Mayor of Preston, Ontario
- In office 1969–1973
- Succeeded by: Herself; as Mayor of Cambridge

First & Fourth Mayor of Cambridge, Ontario
- In office 1973–1974
- Preceded by: Position Established
- Succeeded by: Robert Kerr
- In office 1978–1988
- Preceded by: Erwin Nelson
- Succeeded by: Jane Brewer

Personal details
- Born: February 3, 1935 Belleville, Ontario, Canada
- Died: February 10, 2016 (aged 81) Guelph, Ontario, Canada
- Education: Millsaps College

= Claudette Millar =

Canadian politician

Claudette Millar (February 3, 1935 - February 10, 2016) was a Canadian politician, most noted as the first mayor of Cambridge, Ontario.

== Biography ==
Millar was born February 3, 1935, in Belleville. She grew up primarily in Kitchener after relocating there with her family as a child. She obtained her pilot and driving licenses at age 16. Following graduation from Kitchener Collegiate Institute, Millar went on to study at Millsaps College in Jackson, Mississippi. She graduated in with a Bachelor of Arts.

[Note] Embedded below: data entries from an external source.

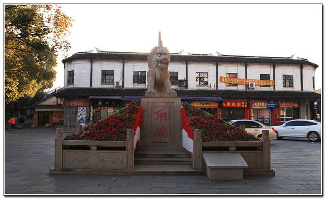 镇广场中央矗立着一座独角怪兽“甪端”的雕塑。
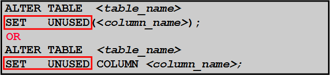 - Drop columns and set column UNUSED
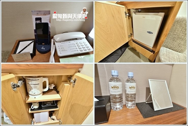 很巧的是兩間飯店都有提供瓶裝水及免付費可外連之手機,如果沒有辦國際漫遊或帶wifi機,帶著出外查資料很方便。

Millar was elected mayor of Preston in 1969, becoming Canada's youngest mayor at 35. When Preston, along with Galt, Hespeler and Blair, was amalgamated into Cambridge in 1973, Millar was elected the city's first mayor. She served two non-consecutive periods: from 1973 until 1974 and again from 1978 to 1988.

As mayor, Millar was noted particularly for her work in preserving the city's cultural and environmental heritage. She opposed the construction of a freeway bypass which would have disrupted parkland in the city, including the Dumfries Conservation Area and the Rare Charitable Reserve.

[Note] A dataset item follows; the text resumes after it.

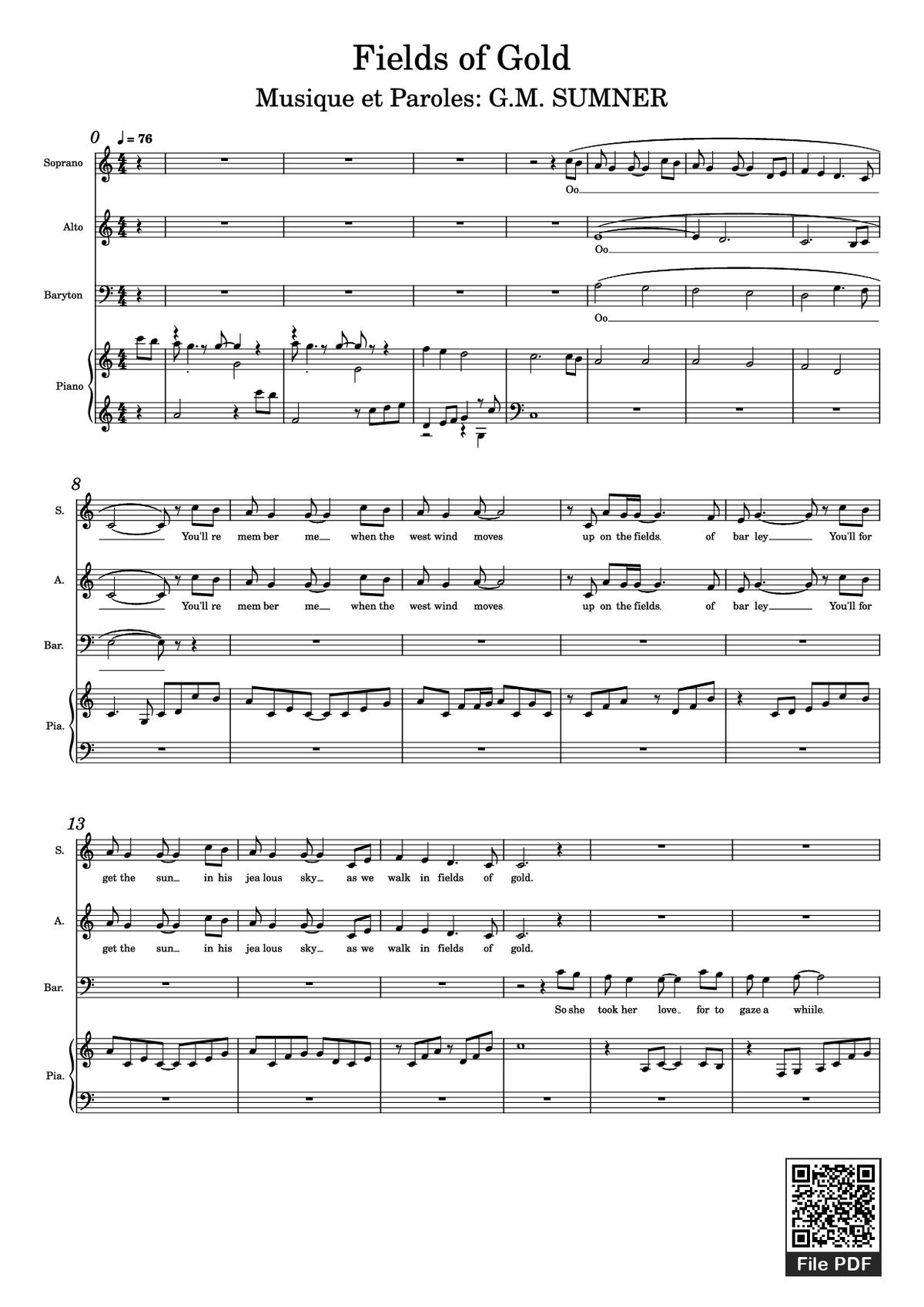 Download and print in PDF or MIDI free sheet music of Fields of Gold - G.

She was a three-time Ontario Liberal Party candidate for the electoral district of Cambridge, losing to Monty Davidson in the 1975 election and the 1977 election, and to Mike Farnan in the 1987 election. She sought the Liberal nomination for Cambridge again in the 1999 election, but lost to Jerry Boyle.

Following the end of her term as mayor, Millar was appointed to the Ontario Municipal Board. In 2003 she returned to municipal politics, winning election to a seat on Waterloo Regional Council. In that role, she was instrumental in bringing the Toyota plant to Cambridge. She held the role until announcing her retirement in 2014. In 2015 Millar was inducted into the Region of Waterloo's Hall of Fame.

Millar died February 10, 2016, of stomach cancer after a brief stay at a Guelph, Ontario hospice. In November 2017, University of Waterloo announced the naming of a recently opened residence building as Claudette Millar Hall.